The horrific tragedy at Honduras, a small impoverished country in Central America, brings to the forefront an issue that has long been ignored: Abysmal prison conditions.
Across the world, in rich and poor countries alike, many people who are sentenced to prison suffer unspeakable conditions. Even if we assume that those incarcerated have gone through a fair trial, nothing justifies condemning individuals to live below the minimum level of human decency.
Frida Ghitis
Frida Ghitis
Even in normal times, few people have the inclination to worry about the dregs of society -- those who have been locked away because they have committed crimes. But our own humanity says we must do something. In the 21st century, we cannot force prisoners to live in medieval conditions.
Inhuman prison standards have become the human rights violation of our time, neglected by those who make a lot of noise about freedom of speech and freedom of religion. Scores of countries are routinely violating international agreements on the treatment of prisoners without facing any consequences. It's time for that to stop.
Dignified and humane treatment of prisoners -- including fire prevention measures -- should become a requirement for good standing in the international community.
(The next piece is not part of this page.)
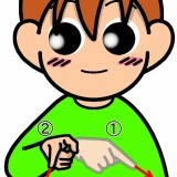 右手を上にあげて、親指を左手の人差し指の上に置きます。

Whether this week's prison fire started accidentally or was deliberately set, the moral and probably the legal responsibility of this tragedy lies with the authorities whose duty it was to guard and, yes, protect the prisoners, no matter what their crimes were.
Almost 300 die in Honduras prison fire
Honduras has a shameful history of prison disasters, followed by promises of reform, and then more disasters. More than 100 inmates died in a 2004 prison fire, and 86 died in a 2003 prison riot. The abysmal conditions of the prisons have caused these catastrophes.
But Honduras is hardly alone.
A few years ago, the Council of Europe's human rights commissioner toured prisons in France and labeled some of them as "dungeons." He described two of the facilities as "on the borderline of human dignity." Hundreds of prisoners have committed suicide in France in recent years.
In the U.S., Human Rights Watch says in many facilities, imprisoned and detained individuals -- who may not have been tried or found guilty of any crime -- "confront conditions that are abusive, degrading and dangerous." For example, authorities and the public have often held a casual if not dismissive attitude toward prison rape and the murder of sexual offenders by other inmates. If a society wants to sentence anyone to death, it should defend that decision through formal channels, not let prisoners do the dirty work.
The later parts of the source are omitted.